One of the finest methods for resolving
nonlinearities in data is convolutional neural
networks, and RNNs are particularly
effective for forecasting and estimating time
series. The World Gold Council information
is utilized, and the findings indicate that the
proposed architecture is one of the best
financial forecasting methods.
Keywords - Regression, linear regression,
logistic regression, decision tree, random
forest, Machine Learning and l Prediction.
I Introduction
Looking at historical gold prices may
probably provide information that may help
in buying or selling decisions.
Savings and investing are a part of everyone's
lives in some capacity. In the setting of
economics, an investment is the purchase of
commodities intended for long-term wealth
development as opposed to short-term
consumption. A financial investment is the
purchase of a financial object with the hope
that it will one day produce revenue or be sold
for a profit. India has one of the most rapidly
expanding economies in the world, which
means it has more spare cash and a variety of
business possibilities[1]. A few of the
financial choices available to investors
include stocks, deposits, commodities, and
real estate. Their individual risk and yield
characteristics differ from one another.
Another commodity that many investors find
to be an attractive avenue for investment is
gold due to its increasing worth and extensive
use. Investors are growing favoring gold as a
protective commodity due to their pessimistic
views for the condition of the established
capital markets and foreign exchange
Volume 14 Issue 03 March 2025 ISSN 2456 5083 Page 173
markets. The "asset of last resort," or the asset
on which buyers rely when the industrialized
world's capital markets are unable to produce
the desired income, is also considered to be
gold. Then, we can say that gold is viewed as
a tool by speculators.
Because of this, it can be said that buyers see
gold as a means of self-defense against shifts
in other markets. Given that gold is a valuable
commodity, supply and demand should have
an impact on its price just like they would for
any other good. The production this year has
little effect on gold's prices, though, because
it can be kept and the quantity has increased
over many years. Gold is used as a product
and a business tool. Gold's increasing value
while other markets, like the real estate and
financial markets, are decreasing in value and
experiencing volatility. Markets have made
gold an increasingly popular choice for
buyers. But recently, there has been a lot of
volatility in the price of gold, increasing the
danger associated with gold purchases. There
is uncertainty regarding how long these high
expenses will last and when they will begin
to decrease. Despite the reality that many
studies have looked at how different
economic variables affect the price of gold. It
is said that research shows the manipulate and
impact of different socioeconomic aspects on
the price of gold. As a result, the goal of this
article is to examine the relationship between
specific economic and market factors and the
price of gold.
After the introduction A section on literature
reviews, followed by sections on model
planning, data discovery and model building
and lastly a section on conclusion, make up
the structure of this essay.
Here, we have taken some records of
historical gold prices. This contains seven
columns that are Date, Open, Close, Low,
High, Volume, Currency.
II Literature Survey
The values of gold have been the subject of
numerous studies and articles.
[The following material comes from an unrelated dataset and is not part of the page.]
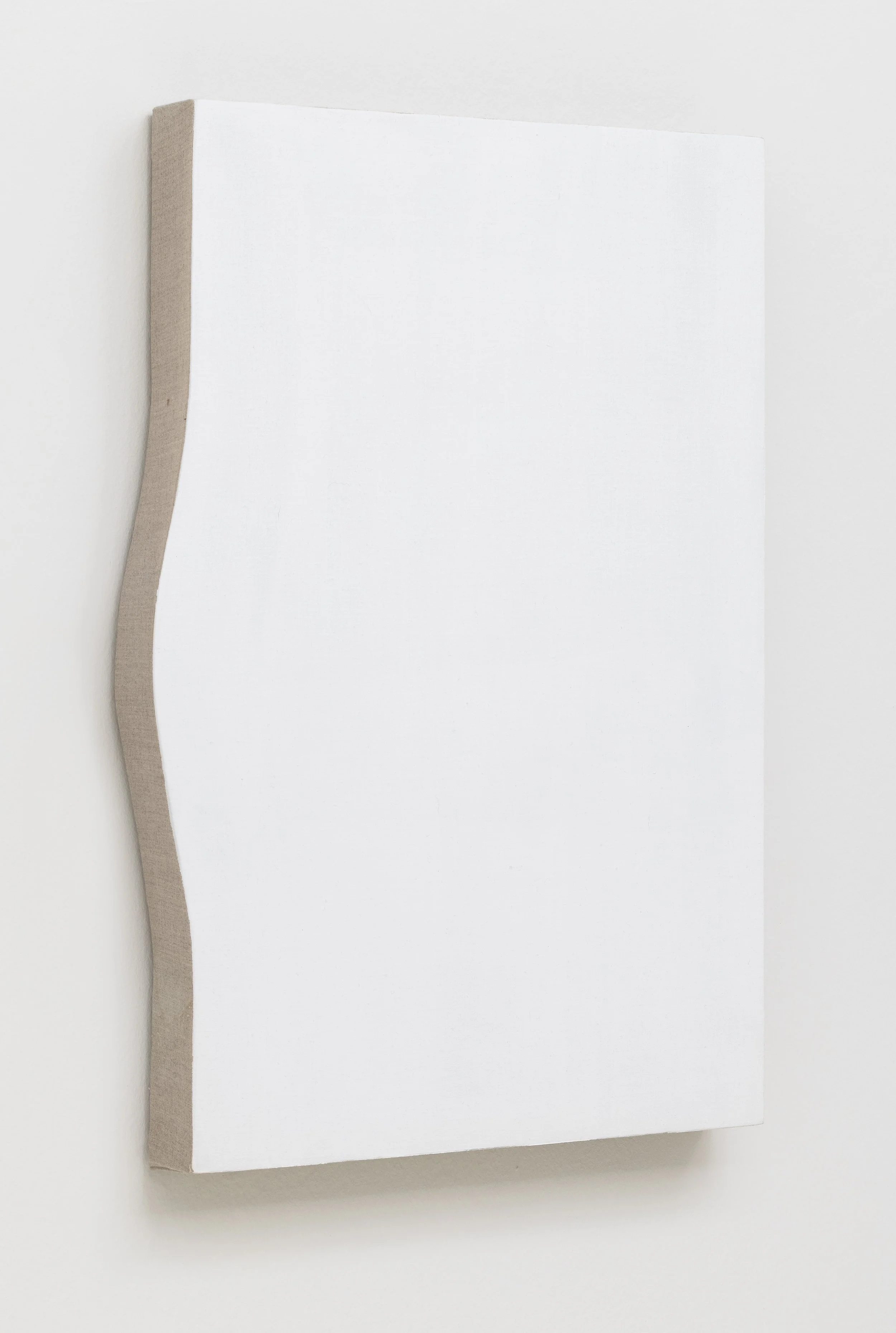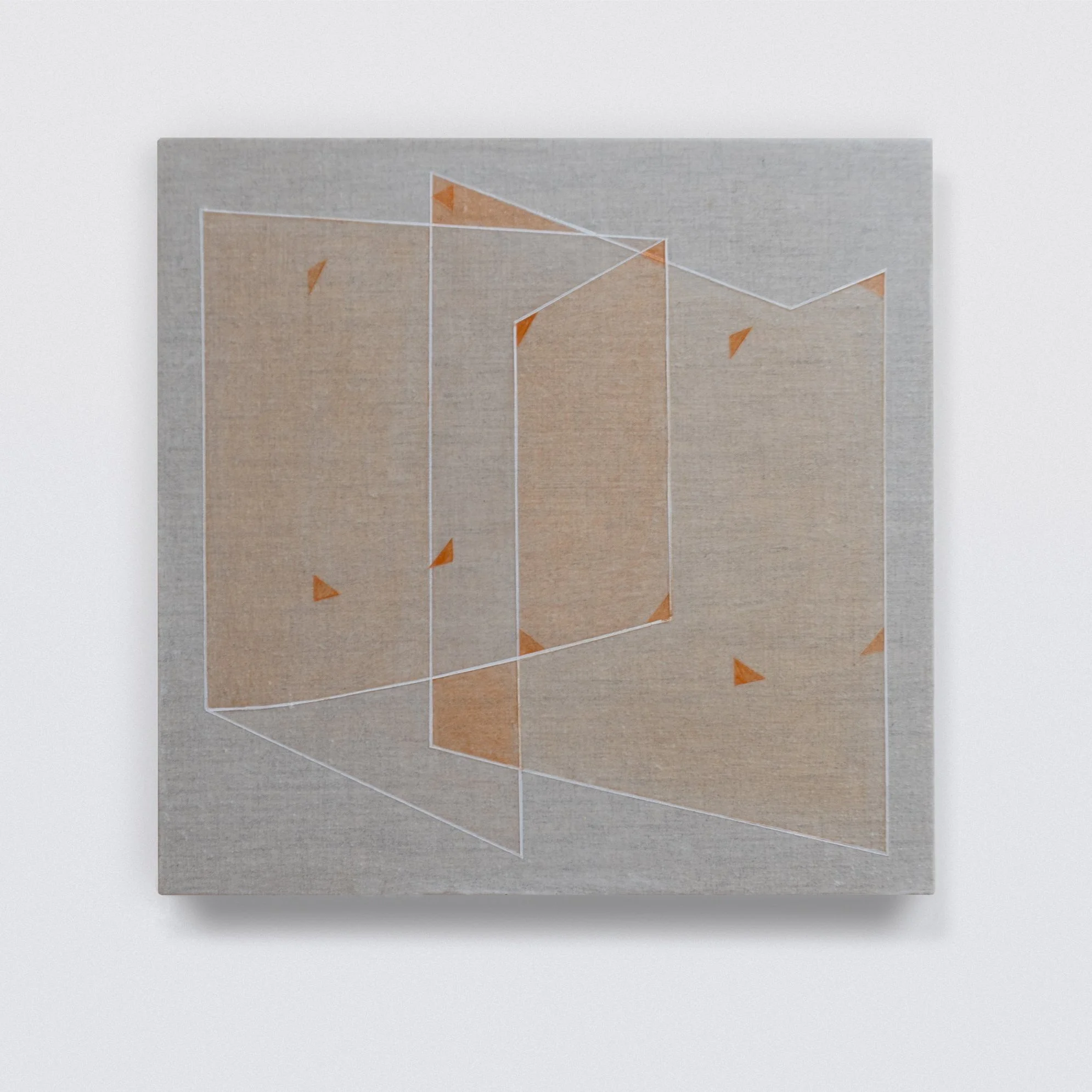 Swivels explores the negotiation of painting as object, maintaining an ongoing dialogue with flatness and restraint. Mounted on steel brackets, these shaped paintings rotate, revealing their various facets and components. While sculpture is often apprehended in relation to the human body, this work proposes a more mutable encounter—its capacity to swivel suggests a quiet choreography of confrontation and withdrawal. The tension of such controlled movement, especially in close proximity to the wall, becomes intrinsic to the work’s affect.

According to
research, the price of gold has dropped since
2013.
There are different studies on the value of
gold in the books. though there are many
various factors used in these lessons, it is
clear that gold values are evolved alongside
the dollar and market return in general. Other
socioeconomic factors and gold rates have
also been the subject of numerous studies.
The relationship between the price of gold
and the values of other goods, especially
crude oil, has also been the subject of
numerous studies. The results of these
studies, however, appear to be contradictory.
The research on the factors affecting gold
price as well as various approaches for
analyzing these relationships are covered in
the following parts.
Based on the relationship of gold and the
factors affecting the it, which include cost of
petroleum, dollar rupee conversion is solid
which is based on the review of literature
Manjula K. A., Karthikeyan[2]. Iftikharul
Sami and KhurumNazirJunejo says that in
olden days gold was used as a mode of
payment and gold represent the financial
strength of country.
In [3] R. Hafezi and A. N. Akhavan have
proposed a model named artificial neural
networks to predict future cost of gold which
concludes that the BAT-Neural Network is
Volume 14 Issue 03 March 2025 ISSN 2456 5083 Page 174
good for predicting gold prices and Xiaohui
Yang suggested that the ARIMA model is the
finest among all the other models to predict
the price of gold [4]. Shian-Chang Huang and
Cheng-Feng Wu used the Deep multiple
kernel learning (DMKL) models to project oil
prices using the data collected from oil, gold,
and currency markets[5].
Lawrence asserts that returns on gold do not
significantly correlate with changes in some
socioeconomic measures[11]. In addition, it
found that returns on gold have a weaker
association standards for stock and bond
returns are higher than those for other
commodities.. Dr.Scassiavilanni, said that
inflation rate in the market and gold value is
against each other and the gold price and
inflation rate id going to be affected more in
future[6]. On the basis of a review of the
literature, Hanan Naser thinks that past
studies are unclear with regard to the
association among the gold price and increase
[7].
Ismail et al.'s a range of economic factors,
such as the commodity research bureau future
index, are used to forecast gold prices. the
Standard and Poor 500 index, the USD/EUR
trade rate, the inflation rate, the New York
Stock trade indicator, the money supply, the
Treasury bill, and the USD indicator. The
study finds that the goods the USD/EUR
foreign exchange rate, Research Bureau
future indicator, the price rises rate, and the
money supply all have a sizable blow on gold
prices[8-9].
Khaemasunun, provides the information
about different currencies, interest rates and
energy costs and how they impact the gold
price[15]. The price of gold and the exchange
rate are related both long-term and short-
term. per the actual statistics provided by Ai
et al. Malik and Ewing concentrated on more
about crude and gold contracts and their price
differences. The quantity of US inflation,
interest rates, and the worth of the currency
are all correlated with gold prices, claim
Ghosh et al. They also exposed a long-term
correlation between gold prices and the US
customer Price Index as a consequence of the
co integration study [10]. There is a
disagreement between the price of gold and
the a variety of variables that are believed to
influence it, according to a study of relevant
literature.
There are several methods that has been used
by researchers of the gold prices fluctuation
and how it going to change the related
factors[12]. Numerous studies have used
multivariate regression models to evaluate
the sensitivity of gold prices to various
aspects, according to Toraman. In this
respect, the many linear regression (MLR)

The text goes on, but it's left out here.